Ignoring technical debt can also lead to long-term disadvantages that put organisational and value creation plans at risk. Eventually, hardware may stop working, systems can crash, or ransomware incidents can occur because the tech is outdated. At that point, it’s not only a budget issue but also a productivity and security issue that can have catastrophic implications for the charity itself.

The Impact on Business Operations

Technical debt doesn’t just affect the development team though. It has far-reaching implications for the entire organisation, creating a ripple effect across the team and wider operations, such as:

  • Reduced agility: technical debt can make it difficult for a charity to respond quickly to market changes or new opportunities. The accumulation of debt can slow down the development process, making it harder to pivot or innovate.
  • Increased costs: the interest on technical debt can lead to increased maintenance costs. As the codebase becomes more complex and harder to manage, more resources are required to keep the system running smoothly.
  • Decreased productivity: as the codebase becomes more complex, it takes longer to implement new features or fix bugs, leading to a slower development process.
  • Supporter satisfaction: as a system becomes more prone to bugs and performance issues, supporters may become frustrated, leading to a loss of trust and engagement.
  • Competitive disadvantage: charities that fail to manage technical debt effectively may find themselves at a competitive disadvantage. As the development process slows down and the system becomes more prone to issues, competitors may be able to innovate faster and provide a better user experience.
Image for graph representing the wide impact of technical debt

The Role of Technical Debt in Software Development

While technical debt is often viewed as a negative, it’s not all bad! It can also play a strategic role in software development. Here are some ways technical debt can be beneficial:

  • Meeting deadlines: technical debt can help organisations meet tight deadlines by prioritising speed over perfection. This can be particularly useful in competitive markets where time-to-market is a critical factor.
  • Validating ideas: it can allow organisations to validate ideas quickly by releasing a minimum viable product (MVP). This can help gather feedback and iterate quickly, leading to a better final product.
  • Resource allocation: it can help organisations allocate resources more effectively by prioritising features that provide the most value to customers. This can help maximise return on investment and ensure that development efforts are aligned with organisational goals.
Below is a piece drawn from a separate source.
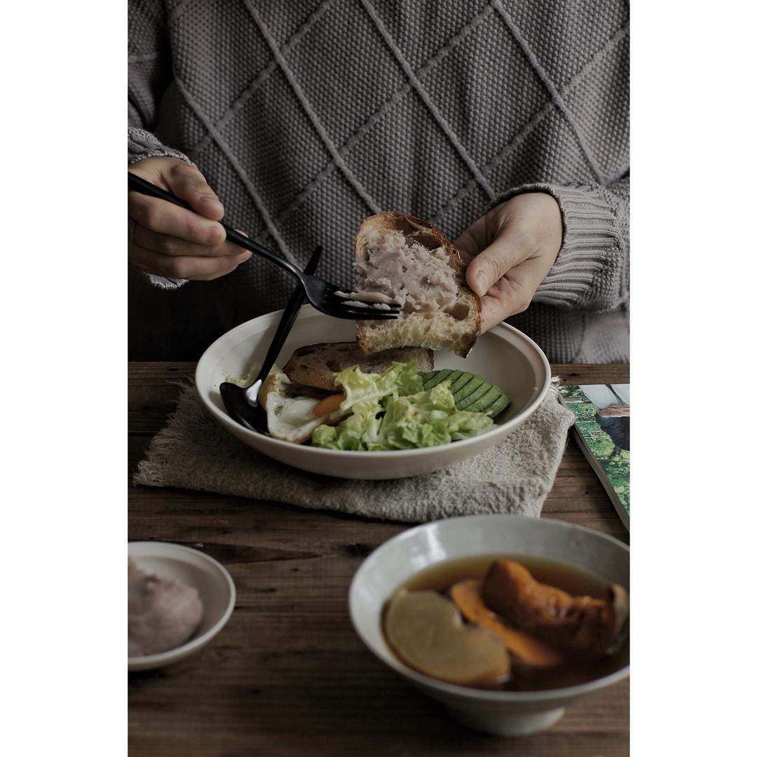 连续两天降温10几度,今终于有点冬天的样子了。还好炖了黑糖雪梨南瓜汤,蒸了一小块芋泥,抹面包吃。芋泥做法:福鼎槟榔芋蒸熟...

The Future of Technical Debt

As software development continues to evolve, so too will the concept of technical debt. Here are some trends to watch for in the future:

  • Automated refactoring: advances in AI and machine learning may lead to the development of tools that can automatically refactor code and reduce technical debt. This can help organisations manage technical debt more effectively and free up development resources for other tasks.
  • Continuous integration and delivery: the adoption of continuous integration and delivery (CI/CD) practices can help organisations manage technical debt more effectively by catching issues early in the development process. This can help prevent the accumulation of technical debt and ensure that the codebase remains healthy over time.
  • DevOps culture: DevOps culture can help organisations manage technical debt more effectively by fostering a culture of collaboration and continuous improvement. This can help ensure that technical debt is addressed proactively and that the development process remains agile and responsive to change.

These are all crucial for balancing rapid development with maintaining high-quality, secure, and sustainable software systems. Proactively managing technical debt ensures the long-term health and success of software projects for charities.